Hay mucho vacío en esa soledad que no
encuentra ni respuestas ni salidas a todas las preguntas que somos capaces de
formularnos, sobre todo, en nuestra juventud, cuando todavía no entendemos cómo
funciona el mundo. Sin embargo, esa desdicha del explorador insatisfecho, nos
llevará a terrenos que nunca imaginamos y mucho menos que seríamos capaces de
vivir. De ahí, que la duda que nos corroe como el más agresivo de los óxidos,
sea la mejor compañera de viaje a la hora de reivindicar la lírica confusión de
los anhelos juveniles que no entienden más que de grandes ideales teñidos de
libertad. Quizá, la mayor abstracción a la que se enfrenta el ser humano a lo largo
de su vida, sea la de encontrar esa puerta a la que nos alude Thomas
Wolfe en esta nouvelle sobre
el sentimiento de soledad de un joven que necesita de respuestas más allá de
las obvias pretensiones de aquellos que le rodean. Esa búsqueda de uno mismo,
de las certezas que de cuando en cuando necesitamos para seguir avanzando, y de
esa última e innata necesidad de recapitularnos con nuestro aciago destino,
desembocan en la narrativa de Thomas Wolfe en un torrente
descriptivo sin límites; un torrente descriptivo que nos arrasa y enamora a
partes iguales. Poético, intenso, arrollador y, por encima de cualquier otro
adjetivo, evocador, el estadounidense es capaz de hacernos sentir uno más en
ese viaje en solitario a lo largo de la espesura de un hombre y de un país y
que, a medida que avanza, demarca el devenir de nuestros días en un simpar
juego de choque de trenes: realidad frente a deseo y, donde la arrebatadora
fuerza narrativa del autor, deambula por sí misma a lo largo y ancho de la
cultura estadounidense en la década de los años veinte e inicio de los treinta.
Mientras Scott Fitzgerald secaba todas las botellas de champán en la
metaliteraria era del jazz (hasta el crack del 29), y lo hacía sumergido en el
mayor de los éxitos, Wolfe deambulaba perdido por la
inmensidad de un país que, en su fuero interno, estaba condenado a revisitar
los lugares más oscuros. Sólo hace falta leer ese párrafo final que cierra dos
de los cuatro capítulos de este viaje a lo largo de la noche y de la vida, para
darnos cuenta de la hondura y de las últimas intenciones de este joven escritor
que el destino quiso que muriera de tuberculosis con apenas 38 años, y sin
haber explorado su verdadero potencial como escritor: «Aquél fue un momento de
los tiempos oscuros, aquél fue uno de los rostros oscuros en un extraño tiempo
hecho de un millón de rostros oscuros. Y éste que viene es otro».
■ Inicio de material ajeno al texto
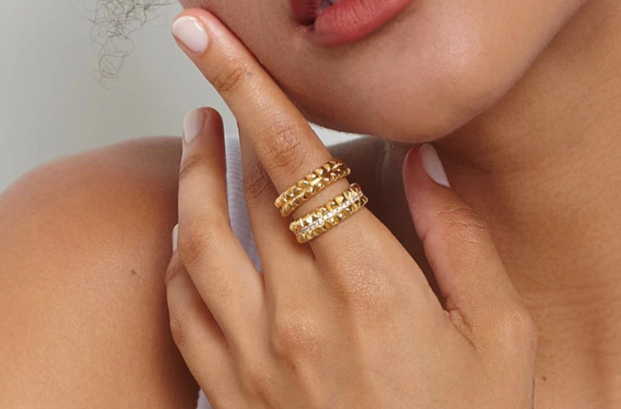 Whether you're dressing up for a special occasion or just want to add a touch of elegance to your everyday look, the Double Stud CZ Ring is the perfect choice. With its durable construction and elegant design, this ring is sure to become a staple in your jewelry collection.

No obstante, Una puerta que nunca encontré
no sólo se detiene en la oquedad de una nación, sino que también es capaz de
revisitar a ese niño perdido, que tan
señalados nos dejó tanto como escritores como lectores. Esa pequeña obra
maestra y, la sombra de la pérdida del hermano, es una de esas puertas que
nunca se acaban encontrando, quizá, porque la muerte nunca tenga una
escapatoria satisfactoria cuando quien se va es una persona amada. Al igual que
ya nos ocurrió con Especulación, aquí también caemos en esa trampa lúcida de
estilo narrativo al que Wolfe nos transporta, pues es muy
difícil bajarse de ese tren que nunca se para y que siempre va en busca del
horizonte; un horizonte al que, sin embargo, nunca somos capaces de acercarnos
por más que lo intentemos, en una nueva metáfora de la búsqueda de lo imposible
que sigue manteniéndonos vivos, quizá, porque la puerta del título de esta nouvelle, sea una metáfora de la
búsqueda de la libertad y del encuentro del camino adecuado.